Entschieden bestreitet Göring, dass es wegen der möglichen Übernahme Zwist unter den Familiengesellschaftern gebe. Das Manager Magazin hatte im Januar über einen „Zoff im Porzellanladen“ berichtet und einen Generationenkonflikt beschrieben – zwischen den Jüngeren, die den Kauf skeptisch sähen, und den Älteren, die ihn unterstützten. Göring sprach von einer intensiven und auch notwendigen Diskussion in der Familie, die alle stimmrechtsfähigen Stammaktien hält. Schließlich gehe es um viel Geld. Und im Aufsichtsrat, in dem die Position der Familiengesellschafter gebündelt ist, „ist Konsens, dass das Projekt weiter betrieben wird“, sagte Göring. Auch bestätigte er nicht, dass die beiden Rücktritte aus dem Aufsichtsrat mit Streitigkeiten wegen der Übernahmepläne zu tun hätten. Es seien unterschiedliche persönliche Gründe gewesen, versicherte der Vorstandschef. Aufsichtsratschef Yves Elsen hatte Ende vergangenen Jahres plötzlich das Handtuch geworfen, und kurz darauf hatte die Vorsitzende des Prüfungsausschusses, Annette Köhler, ihren Rückzug aus dem Kontrollgremium für Ende Februar angekündigt.

Gegenwind zu den Übernahmeplänen war in den vergangenen Tagen aus dem Lager der Vorzugsaktionäre gekommen, die keine Stimmrechte haben. Christian Kappelhoff-Wulff, der die Lakestreet Capital Partners AG aus Zug in der Schweiz vertritt, warnte im Handelsblatt mit drastischen Worten: „Die Villeroy & Boch AG wäre gut beraten, diesen Griff ins Klo zu vermeiden.“ Er monierte schwache Zahlen bei Ideal Standard. Stattdessen forderte er von V&B eine Sonderdividende aus den zusätzlichen Einnahmen durch einen Immobilienverkauf in Luxemburg. In der Tat erzielte V&B dadurch einen hohen Sonderertrag – 87,7 Millionen Euro, wie aus den Bilanzzahlen hervorgeht. Göring wertet die Warnung als „Stimmungsmache“ und stellt sich gegen eine Sonderdividende. Die Dividende soll bei 60 Cent pro Aktie für Vorzugsaktionäre und 55 Cent für Stammaktionäre bleiben. Der V&B-Chef bestreitet auch, dass Ideal Standard schlecht dastehe. Das Unternehmen habe harte Jahre hinter sich, sei aber in der Restrukturierung vorangekommen.
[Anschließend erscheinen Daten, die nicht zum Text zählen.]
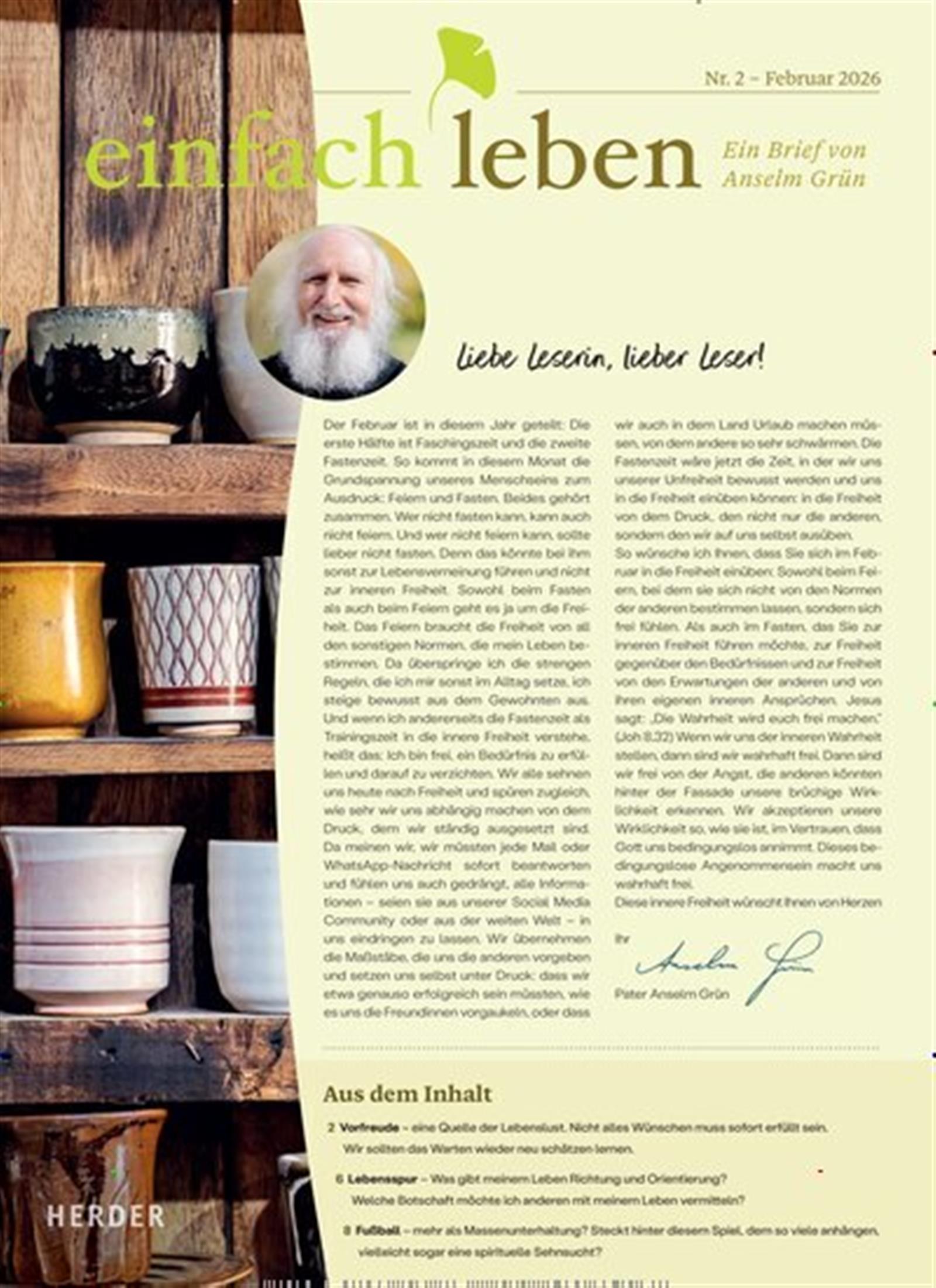 Einfach leben ist ein monatlicher Brief von Pater Anselm Grün, der den Lesern ein Gefühl von Selbst und Zugehörigkeit vermitteln soll. Er weiß, dass das Leben nicht einfach ist, aber anstatt sich darin zu verlieren, zeigt er Wege auf, diese zu überwinden, indem man mit sich selbst im Reinen ist.
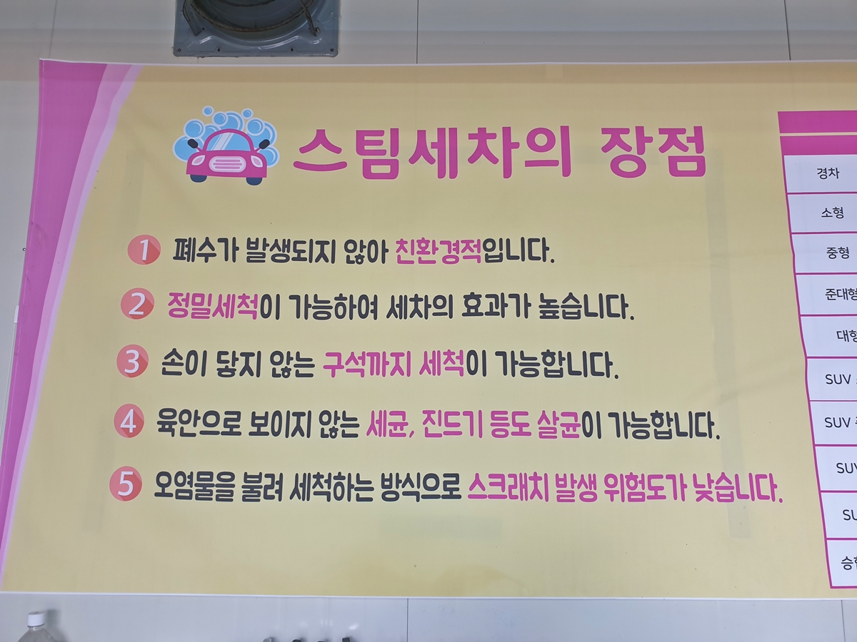 세차장 안 벽면에 스팀세차의 장점이 있네요. 친환경적인 게 마음에 듭니다.
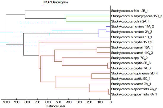 Next, dendrograms were created to illustrate the phylogenetic relationships between bacterial strains isolated from PVMs. The analysis demonstrated a high diversity of Staphylococcus species, with the most represented Staphylococcus epidermidis, S. capitis, S. warneri, and S. hominis (Figure 5). These strains differed in their degree of relatedness, as expressed by the distance levels on the dendrogram. Strains such as S. epidermidis 4A_1 and S. epidermidis 7A_2 showed minimal divergence, indicating that they are closely related and may originate from similar environmental conditions or exhibit similar adaptive characteristics. In contrast, strains like S. warneri and S. capitis exhibited greater proteomic distances, reflecting a higher level of diversity between these species. The dendrogram also highlights the presence of less common species, such as S. felis and S. saprophyticus, suggesting their infrequent occurrence in the PVM environment. However, their presence could be significant in the context of studies on the microbiome of public spaces.
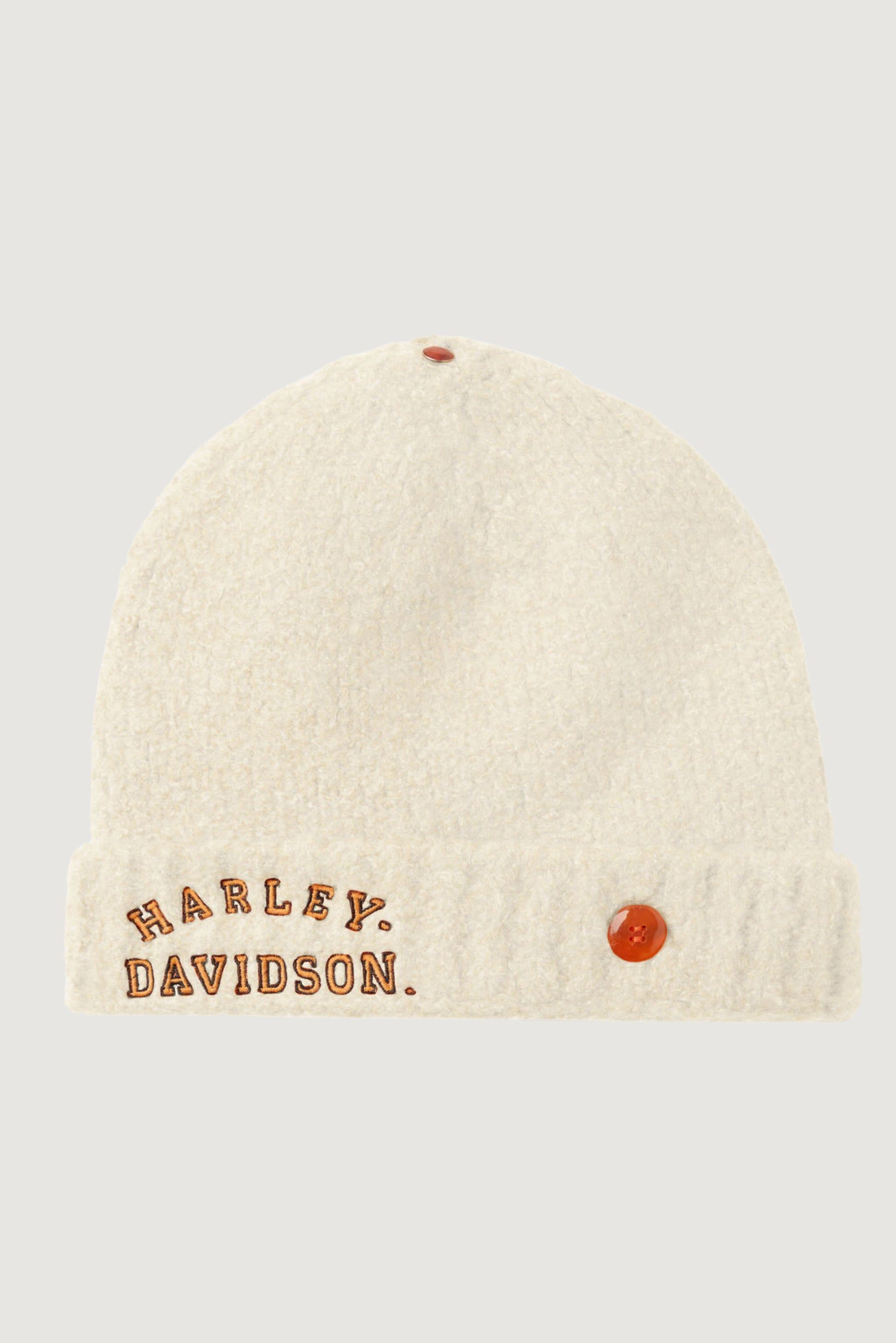 Our cashmere boucle knit beanie is chunky, warm and soft. With the H-D logo on the hem of this ivory beanie and Carnelian hand cut gemstone in striking orange known for its properties of courage and vitality. This beanie is a nod to the iconic Harley-Davidson brand paired with softness and comfort.
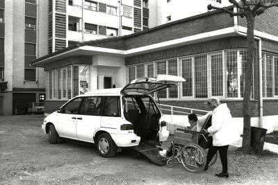 Gizona gurpil-aulkian egokitutako taxira igotzen |
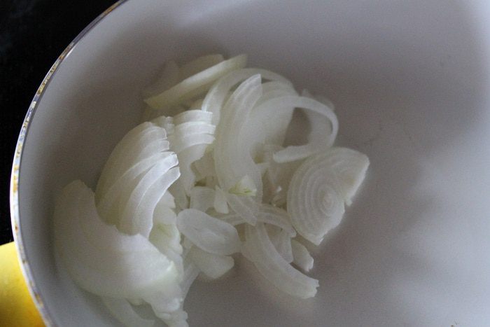 Лук нарезать тонкими полукольцами.
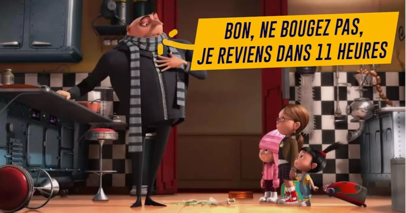 Bon, ne bougez pas, je reviens dans 11 heures. (Gru)
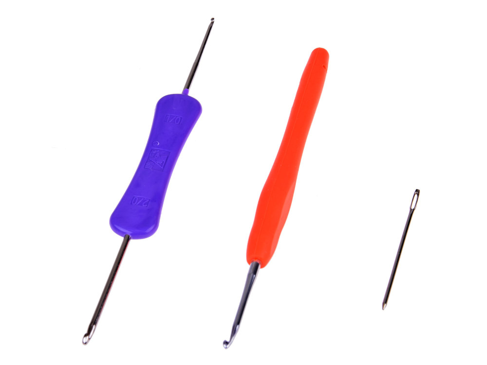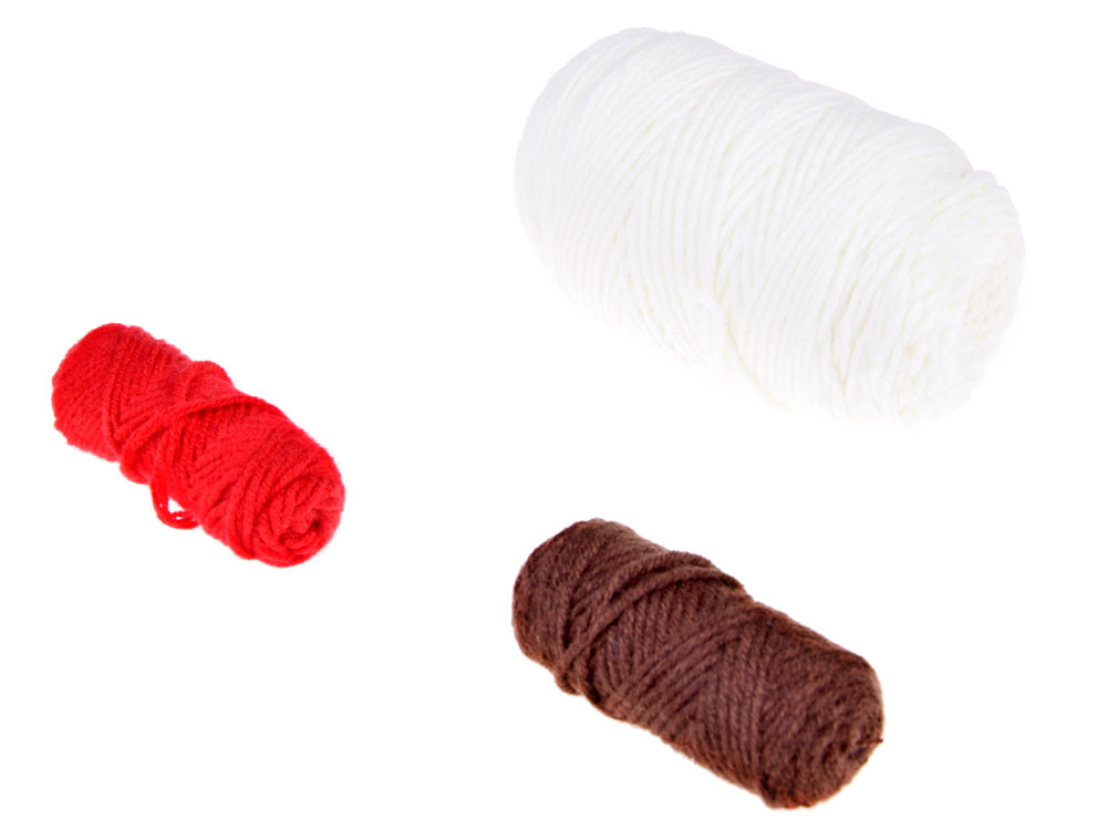 – 3 klbká bavlnenej priadze v ecru, hnedej a červenej farbe,
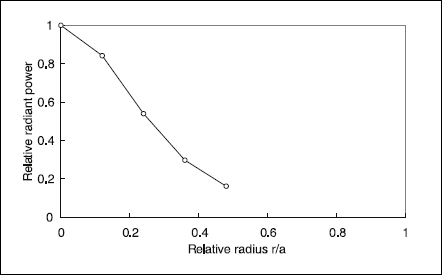 Fig. 7. Measured radial profile of the relative radiant power in the antenna excited lamp.
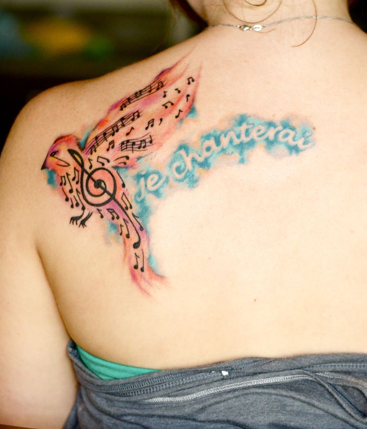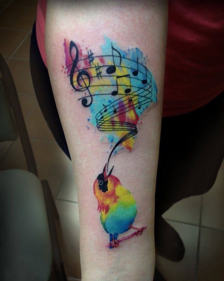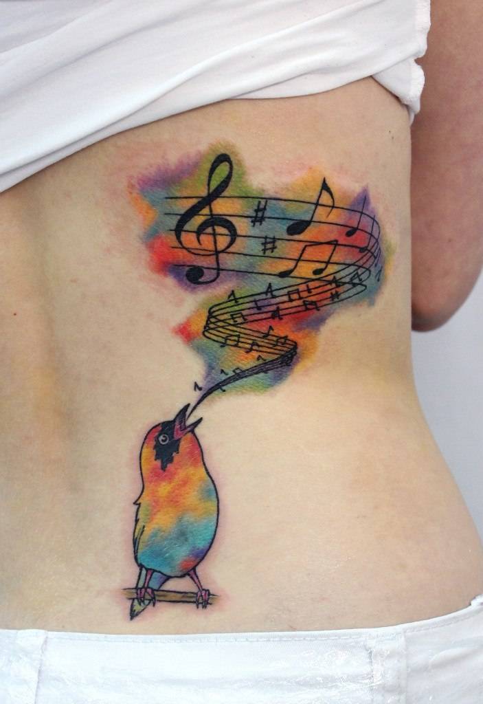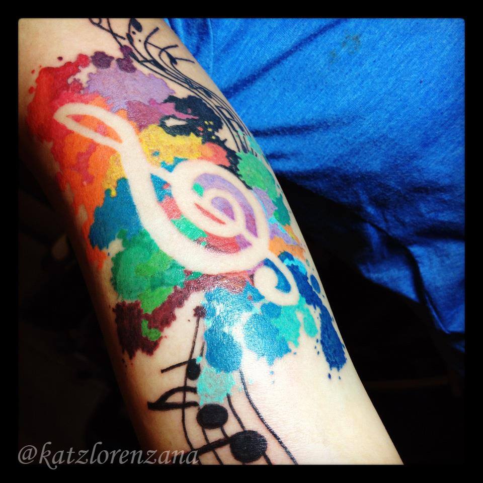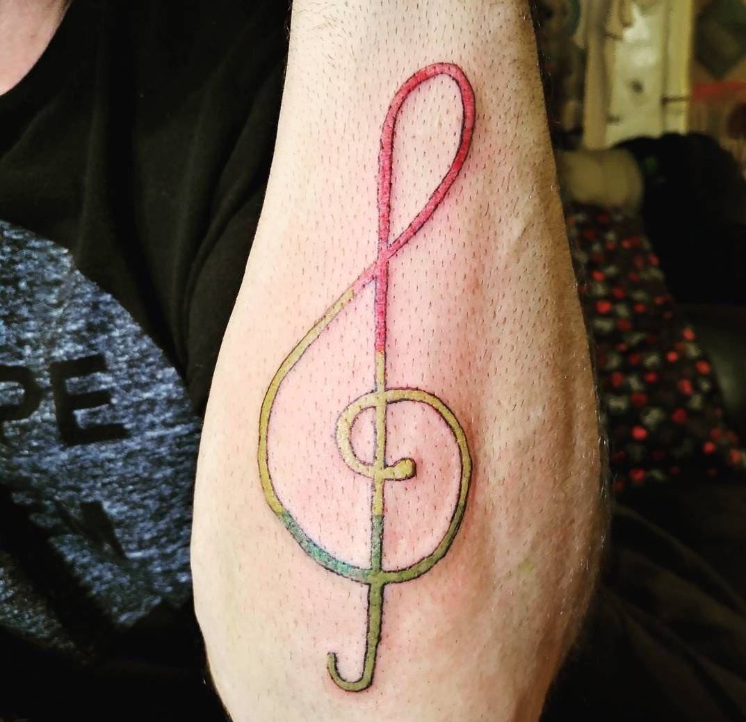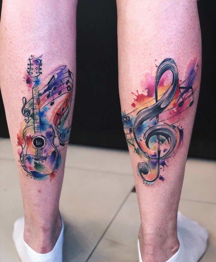 Le tatouage de la clé de sol dans le style de l'aquarelle est le plus souvent utilisé par le beau sexe. Complétant une telle image avec divers ajouts et en la réalisant dans une solution de couleur floue, le tatouage est vraiment attrayant. Le flou du dessin, tel un tatouage, appliqué avec des peintures à l'aquarelle, attirera certainement l'attention. Le plus important est de ne pas en faire trop avec les ajouts. La clé de sol est un motif complexe, complétez-le donc par de petits motifs.

Göring nannte aber auch klare Bedingungen für eine Übernahme: „Es muss ein profitables Unternehmen sein. Sonst kaufen wir nicht.“ Und dafür reiche ein Minigewinn in der Bilanz nicht aus. Ideal-Standard-Chef Türling hatte gegenüber der Welt von einem operativen Gewinn von 85 Millionen Euro im vergangenen Jahr gesprochen – deutlich mehr als die 51 Millionen Euro, die V&B erzielte.